_DATA UNDER STUDY:_
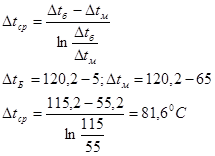 Где к – коэффициент теплопередачи водоподогревателей 1,8; Dt - средняя разность между температурами греющего пара и нагреваемой водой.
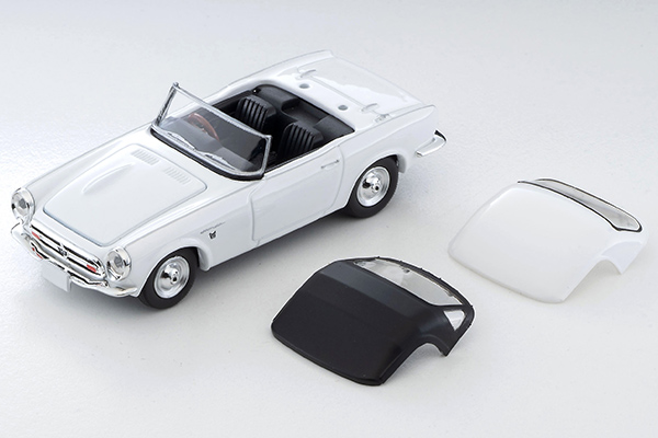 TLVでは2012年にS600/ S800クーペを、そして2022年にオープンボディのS600、S800を製品化しましたが、今回はS800に新仕様が登場。今回はクローズド状態が前提で、黒のソフトトップと白のハードトップが付属。お好みのパーツを付け替えることができます。これまでのSシリーズはもちろん、TLV-NEOシリーズで展開中のNSXやS2000とあわせて、新旧ホンダスポーツの歴史をお楽しみ下さい。
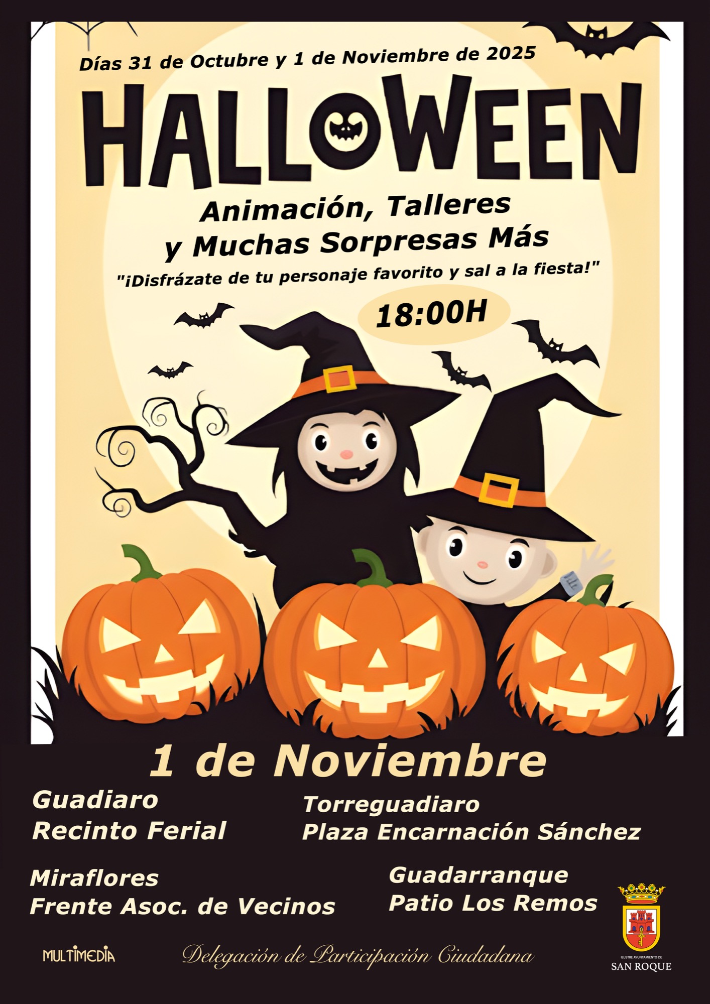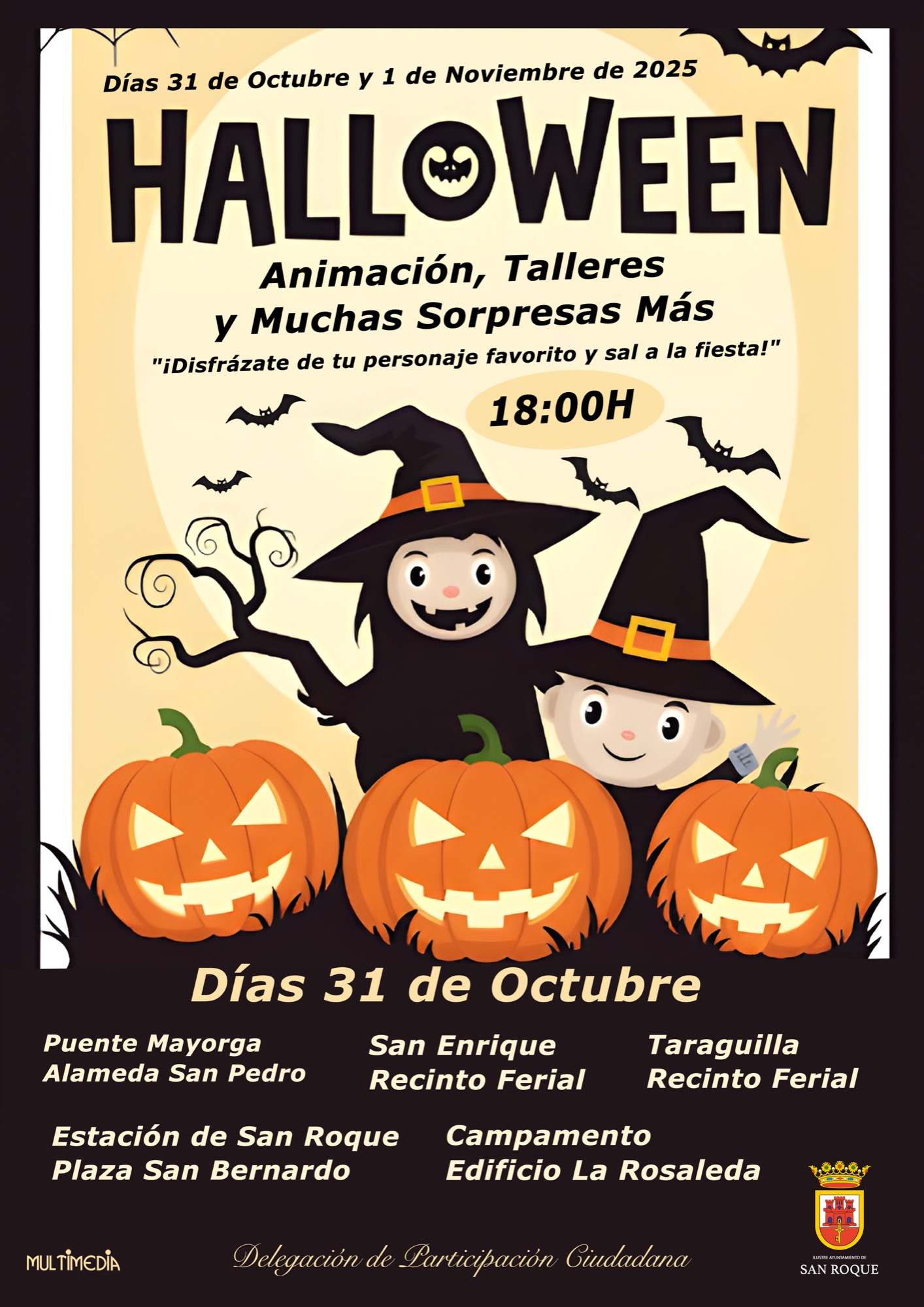 Halloween llegará a cada una de las barriadas del municipio sanroqueño con animación, talleres y muchas sorpresas organizadas por la Delegación de Participación Ciudadana. Las actividades serán en las tardes del viernes 31 de octubre y del sábado 1 de noviembre.
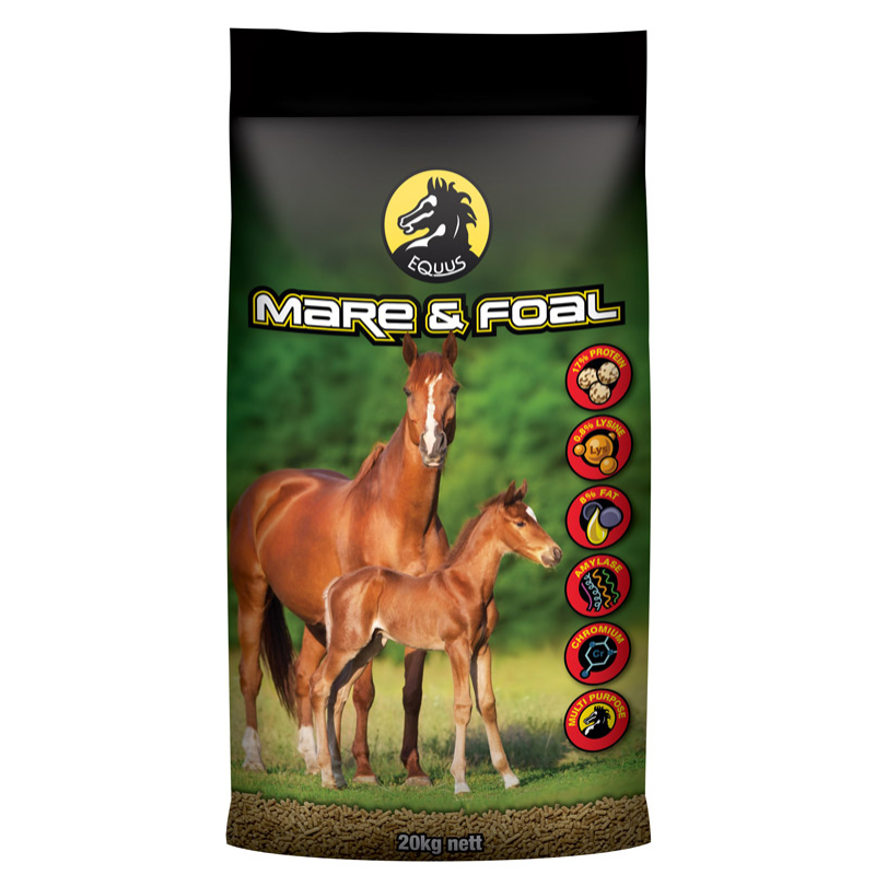 Equus Mare & Foal is an oat free multi-use horse food, suitable for many feeding applications. Apart from being an excellent mare lactation and foal/weaner grower food, it is an excellent conditioning food. It is also an ideal supplement for all active horses and a treat for loved non-working horses.
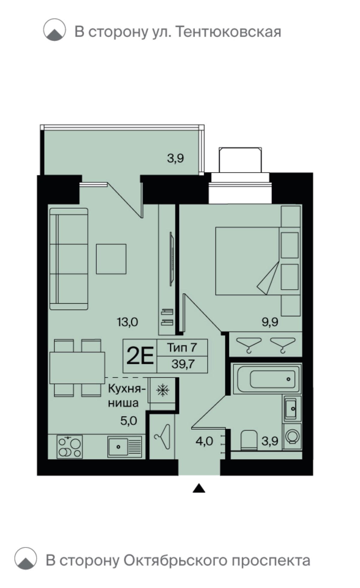 Общая площадь 39.7 м2

_TASK STATEMENT:_
Take the whole listing above and copy it exactly. Pictures do not go into the copy.

_EXERCISE OUTPUT:_
 Где к – коэффициент теплопередачи водоподогревателей 1,8; Dt - средняя разность между температурами греющего пара и нагреваемой водой.
 TLVでは2012年にS600/ S800クーペを、そして2022年にオープンボディのS600、S800を製品化しましたが、今回はS800に新仕様が登場。今回はクローズド状態が前提で、黒のソフトトップと白のハードトップが付属。お好みのパーツを付け替えることができます。これまでのSシリーズはもちろん、TLV-NEOシリーズで展開中のNSXやS2000とあわせて、新旧ホンダスポーツの歴史をお楽しみ下さい。
 Halloween llegará a cada una de las barriadas del municipio sanroqueño con animación, talleres y muchas sorpresas organizadas por la Delegación de Participación Ciudadana. Las actividades serán en las tardes del viernes 31 de octubre y del sábado 1 de noviembre.
 Equus Mare & Foal is an oat free multi-use horse food, suitable for many feeding applications. Apart from being an excellent mare lactation and foal/weaner grower food, it is an excellent conditioning food. It is also an ideal supplement for all active horses and a treat for loved non-working horses.
 Общая площадь 39.7 м2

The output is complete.